A comprehensive review of biodiesel production methods from various feedstocks

Abstract

ABSTRACTThis article reviews the performance of biodiesel production from various feedstocks and analyzes the associated challenges. The existing literature survey dealt with the potential and important feedstocks like edible oil, non-edible oil, animal fat and algae oil for the biodiesel production. The result shows that the various sources have different yield due to processes variables. The yield of biodiesel differs with the feedstocks due to physico-chemical properties of sources and the process variables. In order to increase the biodiesel yield, the novel technologies are warranted in the bioenergy research field. Recent research focuses on the cheap, abundant feedstocks, novel production and purification technologies for biodiesel. Transesterification by enzyme has advantageous in view of conversion, yield and reusability whereas low yield of chemical catalyst catalyzed transesterification reactions in recent years. Lipase mediated transesterification has increased the rate of reaction followed by high conversion. But the activity of free enzyme is reduced as stability is low. In order to overcome this drawback, the immobilized lipase mediated transesterification methodology has been introduced in recent studies.
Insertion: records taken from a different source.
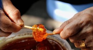 He ate a piece of peanut and licked the malt sugar candy.
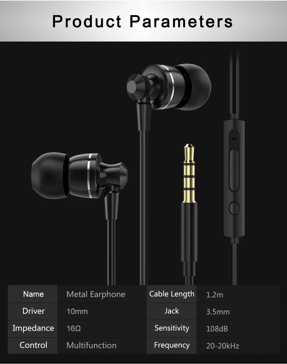 PTM D11 In-ear Super Bass Earphone With Mic Volume Control Metal Headset for Phones Iphone Xiaomi Samsung MP3 fone de ouvido
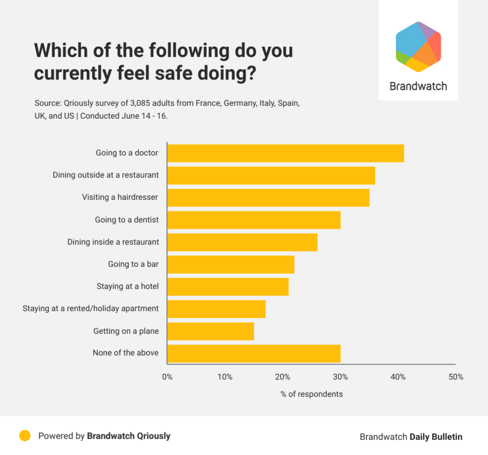 Evidently there is a lot of trepidation, with 30% of respondents saying they wouldn’t feel safe doing any of the activities listed.
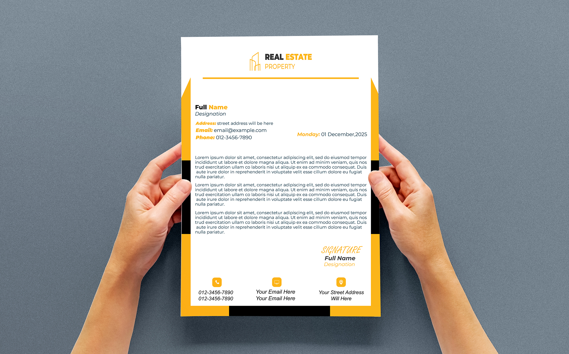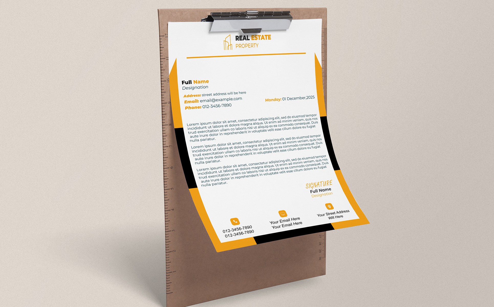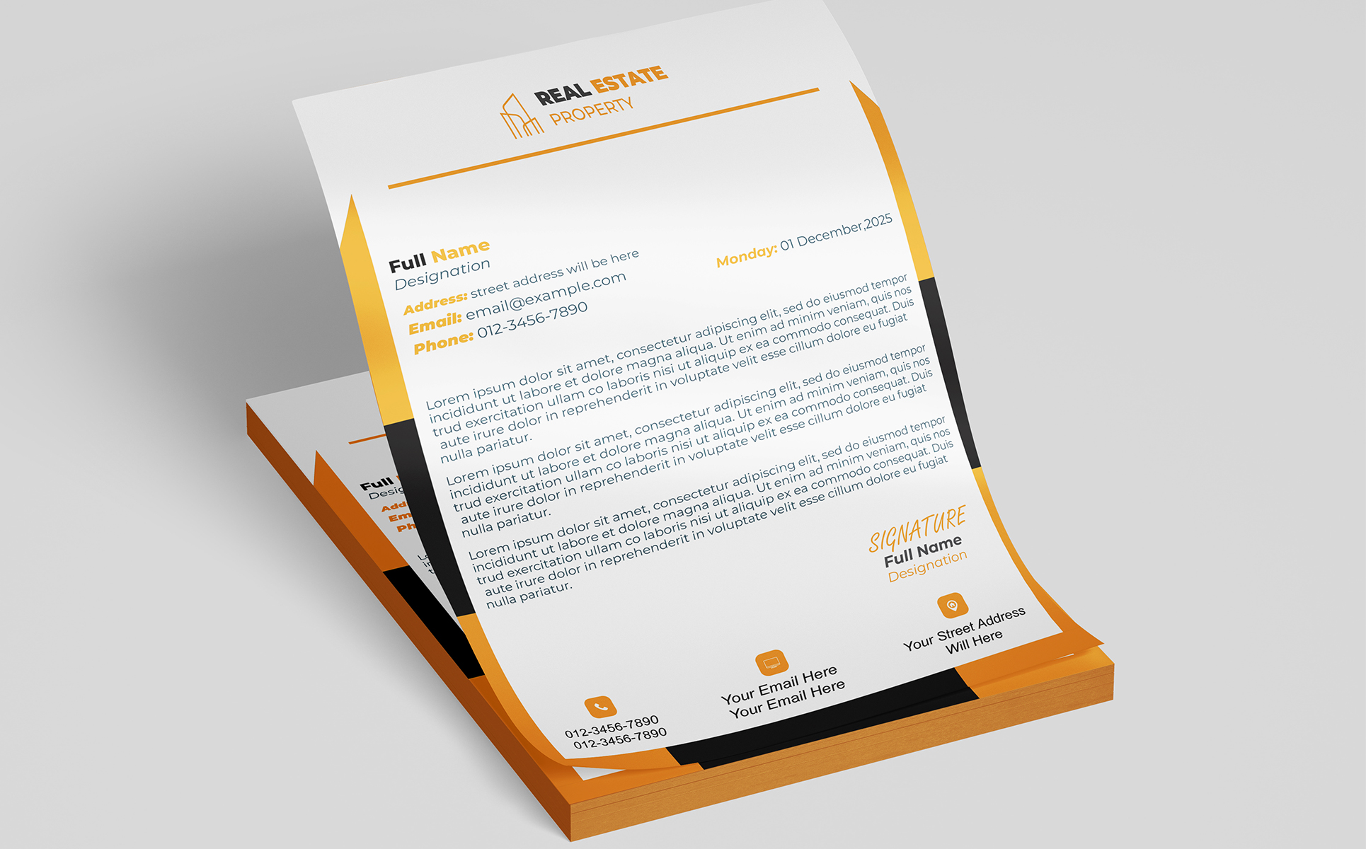 Bold, creative, and well-structured – this letterhead is ideal for design agencies and startups. The vibrant layout draws attention while maintaining professionalism. Fully layered and print-ready PSD for quick edits.

Nanobiocatalyst focuses exclusively on the transesterification of oils using methanol to produce fatty acid methyl esters (FAME). Importantly, the lipase binds on magnetic particles with various size ranges, confirming stability and giving more reactive centers. Analytical methods such Fourier transform infrared spectra and transmission electron microscopy are used to characterize the structure of nanoparticles which exhibit better resistance to temperature and pH, stirring speed, enzyme loading, viscosity of oil and alcohol/oil molar ratio and free fatty acid. For the analysis of FAME, Gas Chromatography – Mass Spectroscopy (GC-MS) was extensively used. Nowadays microwave and ultrasound assisted transesterification techniques increases the conversion rate of oils into biodiesel. These methods may require less energy, compared to the conventional method. This method may require less energy, compared to the conventional method. In addition, the statistical (response surface methodology) and stochastical (artificial neural network and genetic algorithm) optimization techniques are expected to provide the best process response to the highest acid conversion and efficiency.